As long as all the device information you entered was correct you should see your device in a "Connected" state. The only exception to this is if you chose to add a Siemens or Modbus device. Since these devices don't support the browsing of Tags, you will have to create and address some Tags in the Ignition Designer before the device will stop cycling from a connected to disconnected state.
If you need to address your Tags for your Siemens or Modbus device, you'll want to read about adding Tags in the Ignition Designer as well as how addressing works for the different protocols. You will have to first add a Tag in the Ignition Designer and then edit the OPC Item Path of the Tag using the appropriate addressing scheme.
If your device does not have an Ignition driver, you can use a 3rd party OPC server to connect to your device and then have Ignition connect to the server as a client. If the OPC server talks OPC-UA, you can add a new OPC-UA server connection in the Ignition Gateway. Configuration will be different depending on what OPC server you are using, but the following is an example of a popular solution, connecting to KEPServer via OPC-UA, see Connecting to Kepware OPC-UA.

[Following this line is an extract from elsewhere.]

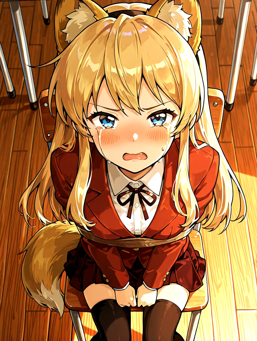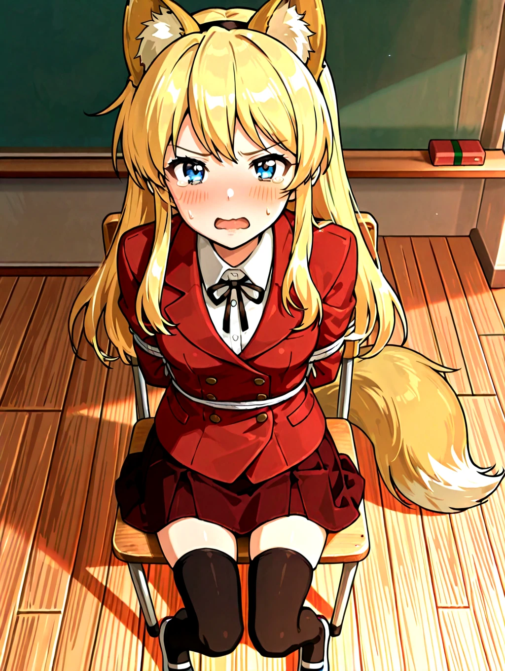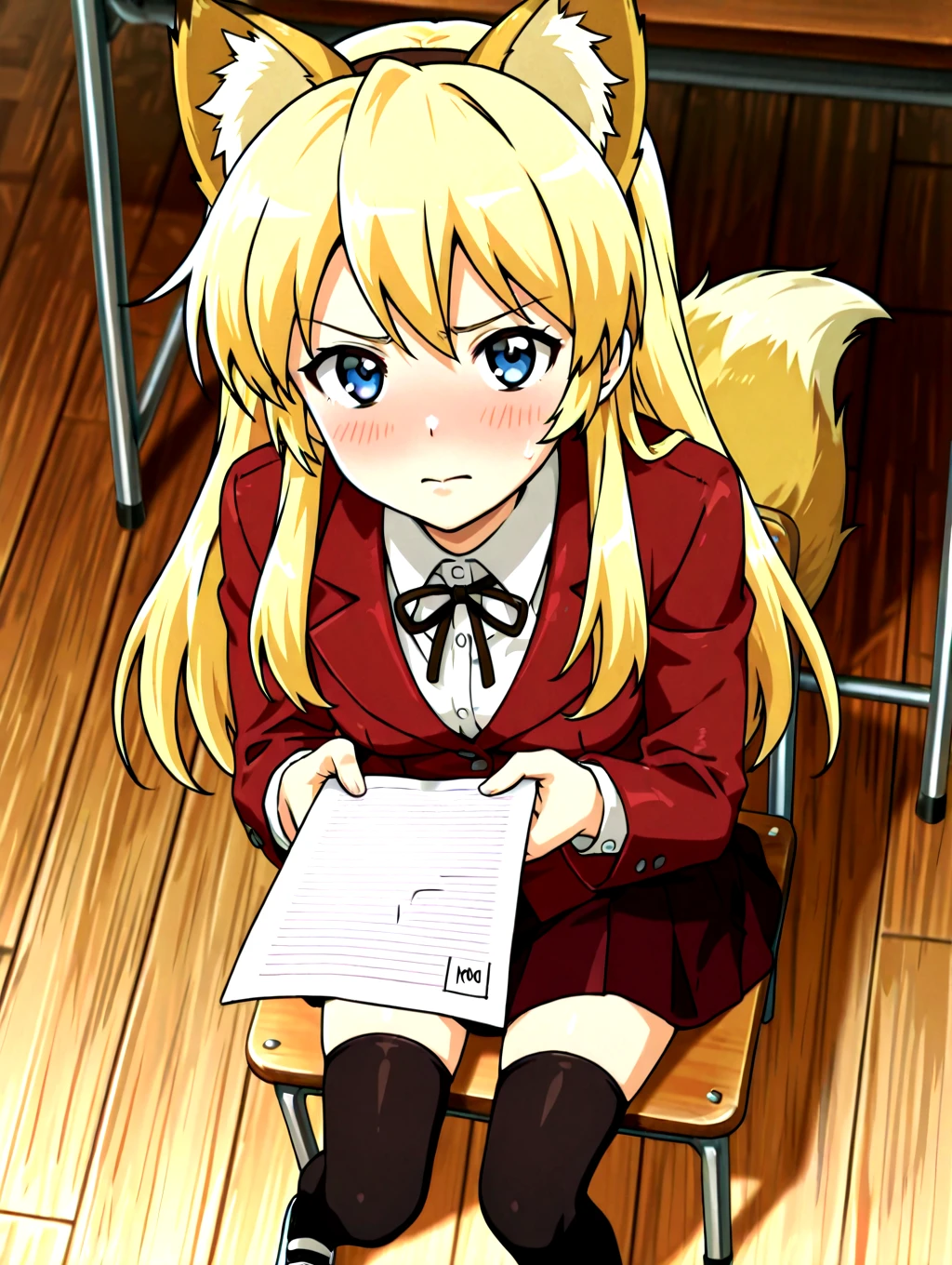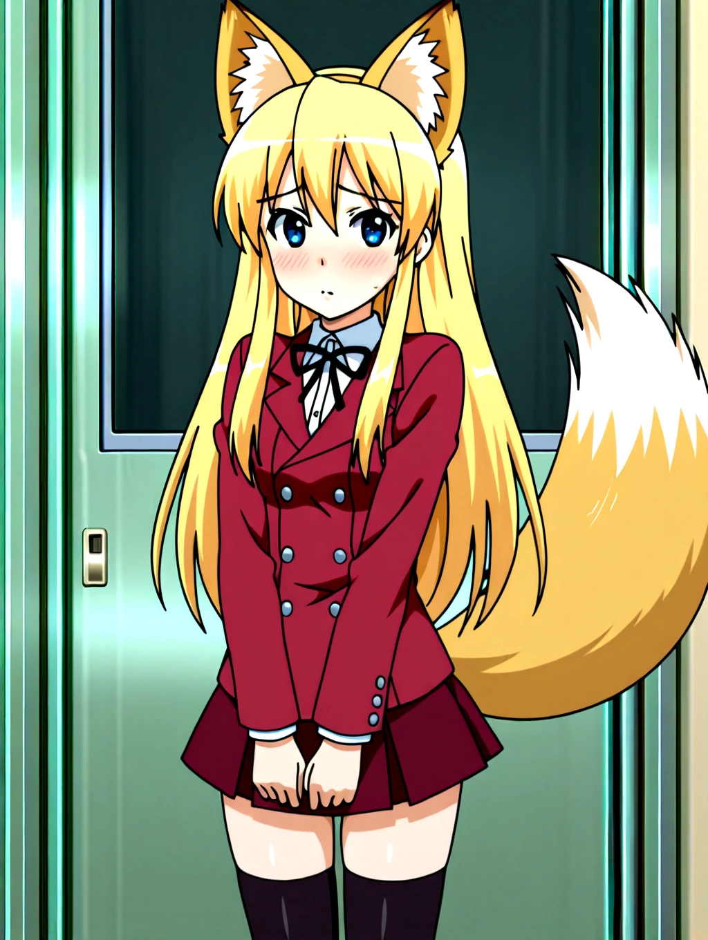 koibitokinenbihimeno,1girl,long hair,blonde hair,red school uniform,solo,blue eyes,shirt,fake fox ears,black thighhighs,dark_red skirt,fox tail,small ,blue uwabaki,black neckthin,

The following section provides a detailed walk-through on how to connect to an OPC server using the OPC-COM module. If Ignition doesn't have a driver for your device and you don't have an OPC server that talks OPC-UA, you have to connect using the OPC-COM module, see Connecting to OPC Classic (COM).
Tags are how Ignition represents your PLC Tags. You create Tags in the Ignition Designer and then you can use these Tags to store history or display PLC data in your projects.
For the most part, Allen Bradley devices support browsing of Tags in the PLC. There are a few exceptions, like the MicroLogix 1200/1500 for which you have to manually address your Tags. For now, we will focus on creating Tags from devices that support browsing.